WORK REQUIRED:
With pictures excluded, output exactly the lines that run from the first line of the data below through the line containing "a bright background".

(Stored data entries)
Segment Open
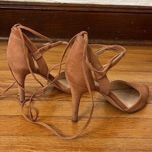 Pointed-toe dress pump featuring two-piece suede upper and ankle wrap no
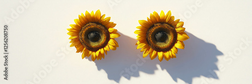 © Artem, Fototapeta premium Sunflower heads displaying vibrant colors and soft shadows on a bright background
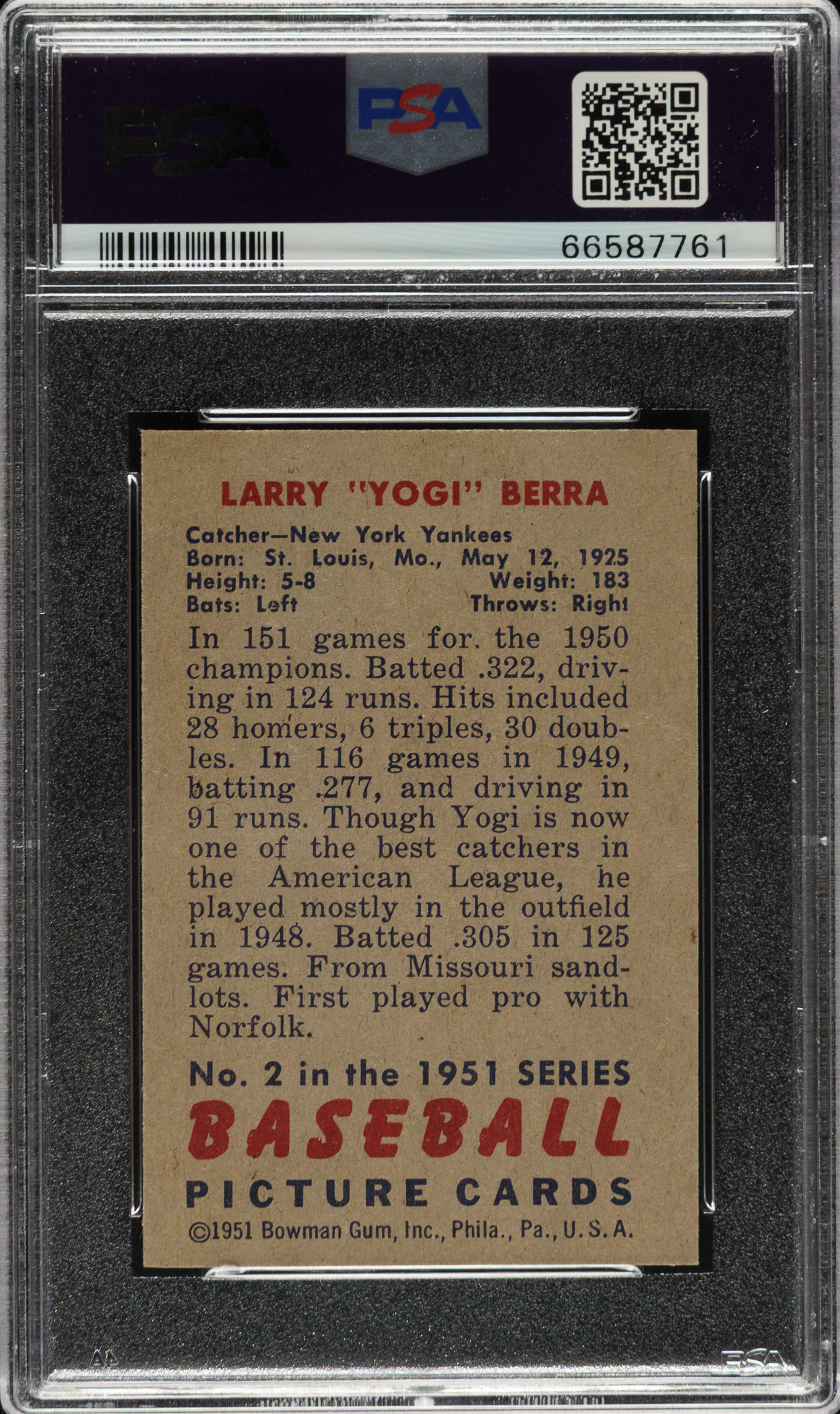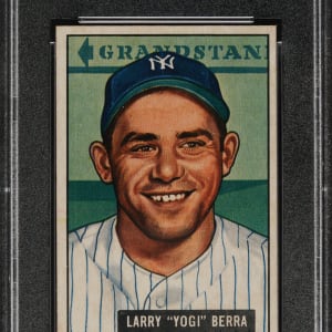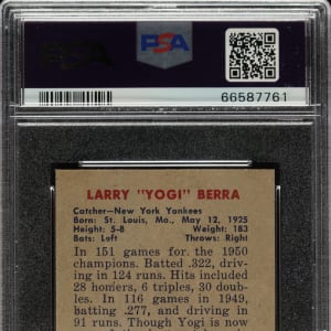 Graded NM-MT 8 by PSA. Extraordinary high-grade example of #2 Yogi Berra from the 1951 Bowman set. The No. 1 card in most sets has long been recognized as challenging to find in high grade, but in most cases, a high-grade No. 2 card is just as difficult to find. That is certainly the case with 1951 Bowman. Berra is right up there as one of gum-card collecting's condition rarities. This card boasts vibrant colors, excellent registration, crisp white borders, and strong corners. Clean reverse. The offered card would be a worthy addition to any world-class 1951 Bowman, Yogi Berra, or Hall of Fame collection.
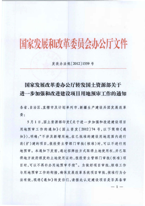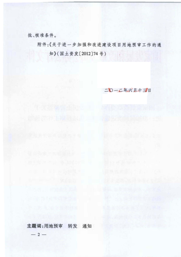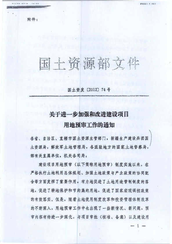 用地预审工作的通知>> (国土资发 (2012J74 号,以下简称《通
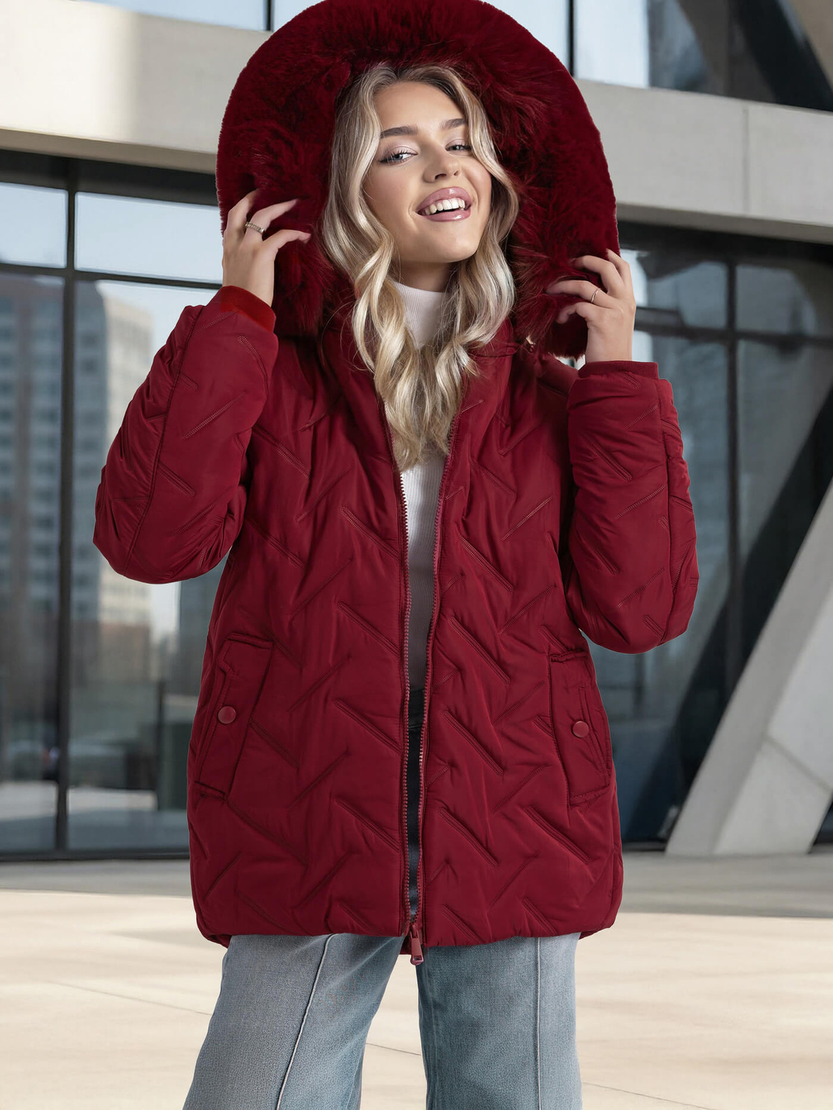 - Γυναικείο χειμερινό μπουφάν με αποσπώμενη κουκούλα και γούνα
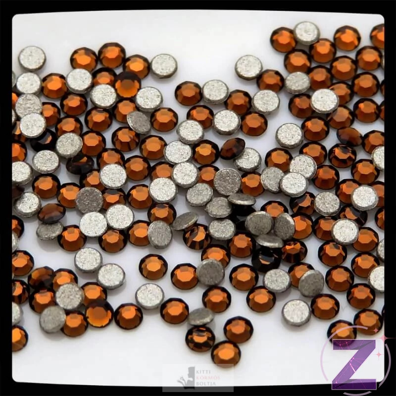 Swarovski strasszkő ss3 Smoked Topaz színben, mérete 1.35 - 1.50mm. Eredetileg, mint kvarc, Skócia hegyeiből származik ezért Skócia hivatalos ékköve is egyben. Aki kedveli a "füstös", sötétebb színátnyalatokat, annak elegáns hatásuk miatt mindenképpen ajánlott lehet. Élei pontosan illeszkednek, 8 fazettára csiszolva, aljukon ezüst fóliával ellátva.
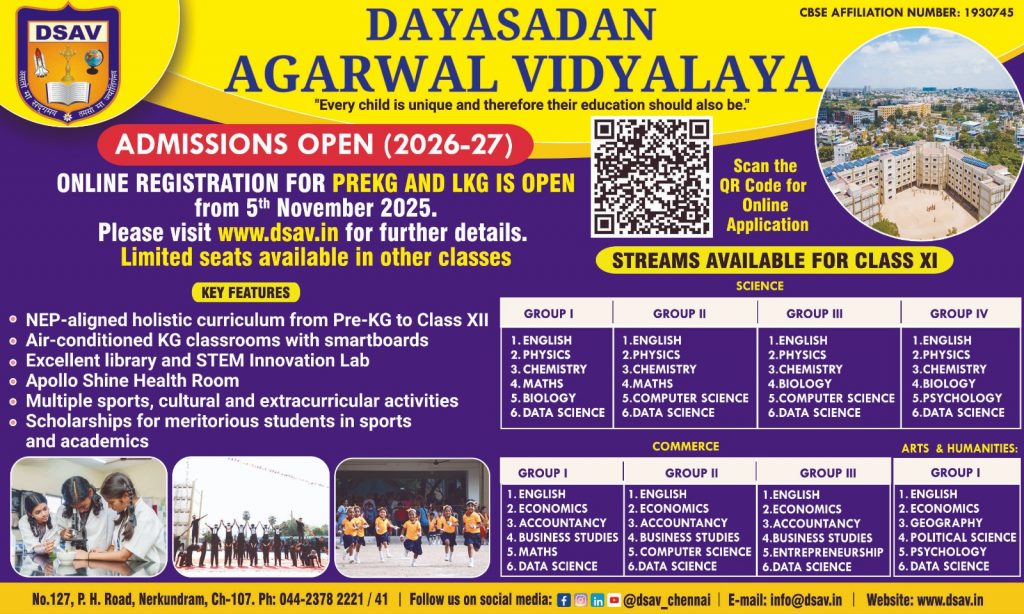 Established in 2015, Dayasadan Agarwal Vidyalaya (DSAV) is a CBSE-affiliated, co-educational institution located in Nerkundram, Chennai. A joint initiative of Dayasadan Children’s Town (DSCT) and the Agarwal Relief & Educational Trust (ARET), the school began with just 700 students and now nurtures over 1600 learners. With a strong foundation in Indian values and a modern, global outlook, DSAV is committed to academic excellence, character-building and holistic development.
Segment Closed
REPLY:
 Pointed-toe dress pump featuring two-piece suede upper and ankle wrap no
 © Artem, Fototapeta premium Sunflower heads displaying vibrant colors and soft shadows on a bright background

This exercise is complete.